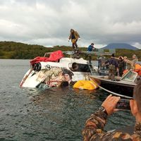 Вертолет с туристами на борту разбился на Камчатке утром 12 августа. Воздушное судно упало в озеро. На борту Ми-8 находились три члена экипажа и 13 пассажиров, один из них ребенок. Восьмерым удалось спастись. Упавший Ми-8 находился в исправном состоянии — он проходил капитальный ремонт в прошлом году. По факту произошедшего возбуждено уголовное дело.
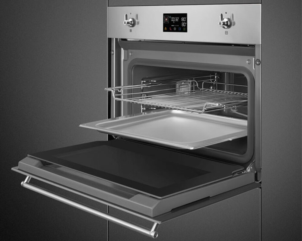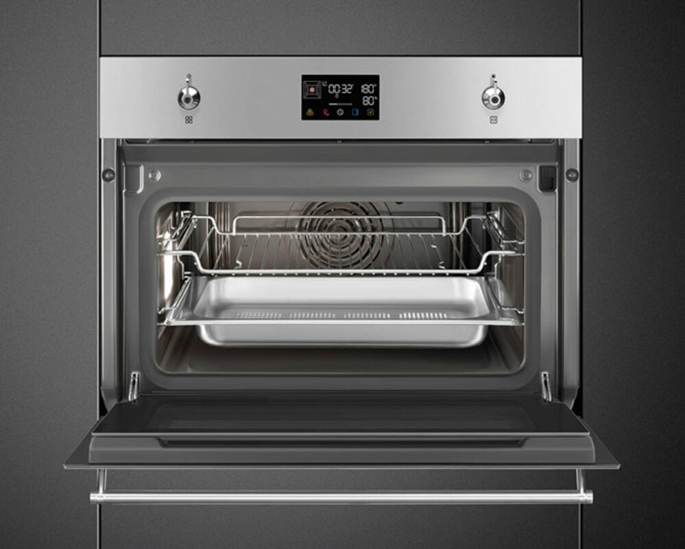 SMEG SO4302S3X Компактный духовой шкаф, комбинированный с пароваркой, 45 см, 12 функций, нержавеющая сталь с обработкой против отпечатков пальцев.
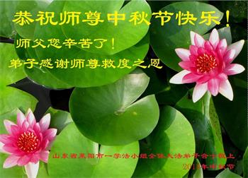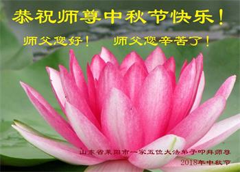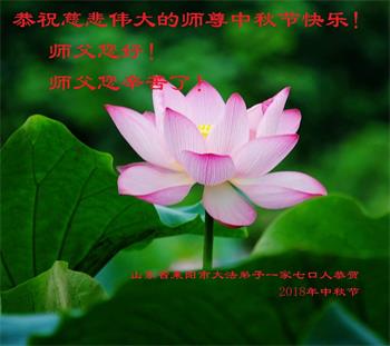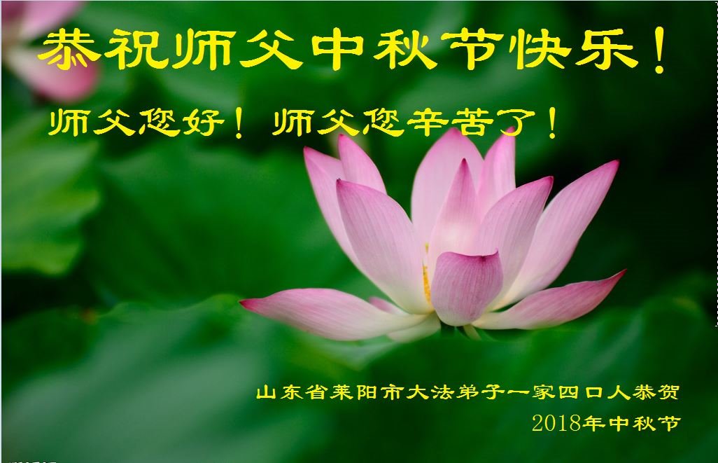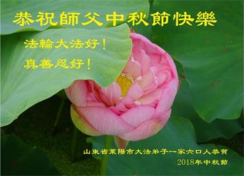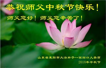 山东省烟台市莱阳市一家五位大法弟子代表全家八口人衷心恭祝慈悲伟大的师尊中秋佳节快乐!
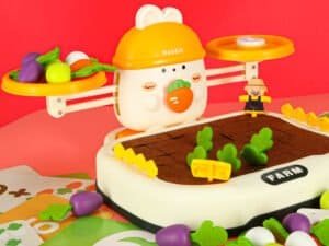 Un iepure adorabil domnește suprem în partea de sus a setului, „păzind" echilibrul. Copilul poate stivui morcovi sau alte obiecte în încercarea de a menține echilibrul sau de a-l perturba în mod deliberat, învățând în același timp elementele de bază ale fizicii și gândirii logice. Setul vine, de asemenea, cu numere speciale - fiecare număr are o greutate adecvată corespunzătoare numărului reprezentat. Acest lucru îi permite copilului mic să experimenteze, comparând greutățile și învățând valorile numerice în practică! Acest joc este excelent pentru a sprijini învățarea numărării și a conceptelor matematice de bază.
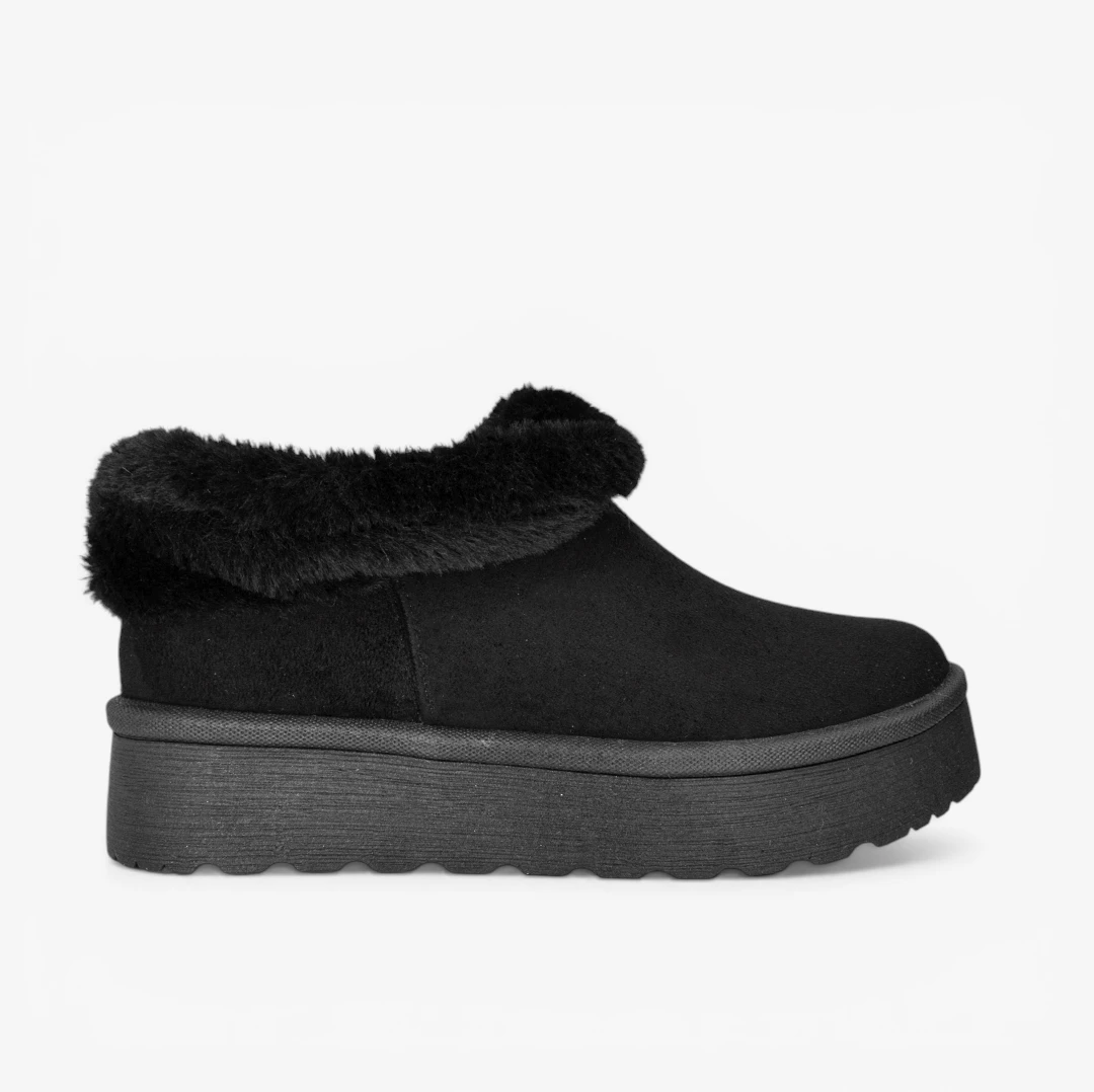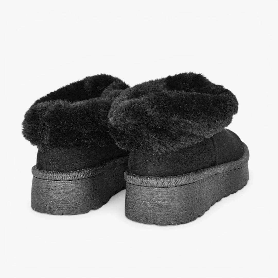 Actitud urbana con un acabado que destaca por su estilo moderno. El detalle de pelo aporta un contraste llamativo, mientras su silueta tipo botín bajo y suela gruesa completan un look versátil y en tendencia.

---

▸ **About this task**
Without the pictures, repeat the entries above line by line, from the first through the one that contains "山东省烟台市莱阳市一家五位大", both ends included.

▸ **Answer space**
 Вертолет с туристами на борту разбился на Камчатке утром 12 августа. Воздушное судно упало в озеро. На борту Ми-8 находились три члена экипажа и 13 пассажиров, один из них ребенок. Восьмерым удалось спастись. Упавший Ми-8 находился в исправном состоянии — он проходил капитальный ремонт в прошлом году. По факту произошедшего возбуждено уголовное дело.
 SMEG SO4302S3X Компактный духовой шкаф, комбинированный с пароваркой, 45 см, 12 функций, нержавеющая сталь с обработкой против отпечатков пальцев.
 山东省烟台市莱阳市一家五位大法弟子代表全家八口人衷心恭祝慈悲伟大的师尊中秋佳节快乐!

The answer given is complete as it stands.